# Setting up a home theater



## RedHelix (Oct 31, 2005)

Howdy,
My parents decided to splurge a few months ago and finally finish our basement. They're going to be setting up a bar, pool table, home theater system... the works. Now, me being the computer guy in the family who uses his TV tuner-equipped PC as a television, they're under the impression that I'm also an expert on plasma TVs, input devices and surround sound setups. Nnnnnnot so much. I have no idea how this stuff works, but I am trying to learn as quickly as possible.

So here's where my real dilemma starts:
Basically, we're going to have a 42" Plasma mounted on one wall, and a cabinet set up elsewhere in the room for the reciever, DVD player, game consoles, etc. I'm presuming that pretty much any DVD player or game console we buy will have RCA or S-video output. I need about 26 feet of cable to run a line from the TV to across the ceiling to down into the cabinet. So here's my set of questions:

1. How badly am I risking signal loss by using AV cables that long? What cables have you had a good experience with?

2. Which is a better move: Putting all of my input devices (DVD, XBox, etc) on an AV switch, (thus running one set of RCAs and one S-Video across the ceiling,) or having each device run into the TV individually? If a switch is a better idea, do I need a really high-end switch to bring out the best picture on this TV?
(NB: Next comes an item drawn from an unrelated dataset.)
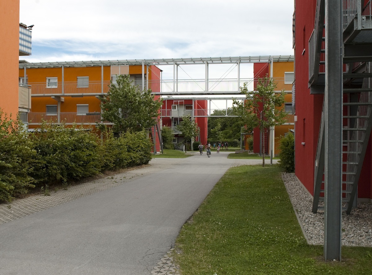 Die einzelnen Baukörper werden mittels Laubengang erschlossen, was zum Erreichen der Barrierefreiheit vorteilhaft ist. Die Treppenaufgänge zu den Laubengängen sind aus deren Achse herausgeschwenkt. Der Übergang zwischen öffentlichen und privaten Bereichen auf Erdgeschoßebene wird dadurch und über Eingangsnischen und Grünflächen definiert. Die Gestaltung dieses Übergangs auf der Wohnseite wird weitestgehend den Bewohner:innen überlassen.

3. We have narrowed our choice down to the TV I hyperlinked above, but we are still lost in terms of shopping for a sound system. We are looking for a small set of speakers that can all be mounted on the walls except for maybe the front speaker. (We are building square pillars around the round support beams down there, and I suggested we mount the speakers out of those pillars. It stuck.) Any recommendations?


----------



## Wolfeymole (Jun 18, 2005)

Try http://www.avtalk.co.uk/ Red


----------



## gotrootdude (Feb 19, 2003)

I can give a few recommendations based on personal experiences, but how you design it is up to you.

It's easier for me to list each component in terms of functionality provided.

*1. DVD/DVR/PVR/Audio/Home automation/security. *
I'd use a PC to handle this. 
You can use a windows PC, which can run MCE, Meedio, Snapstream, or MediaPortal as software (all of which have home automation plug-ins). You could use a linux PC, which could run mythTV, with zoneminder (home-automation/security). I'm currently in the process of building a mythtv setup for a client, I believe the main advantage of mythtv over MCE is better commercial skip and support for cheap software encoding tuner cards.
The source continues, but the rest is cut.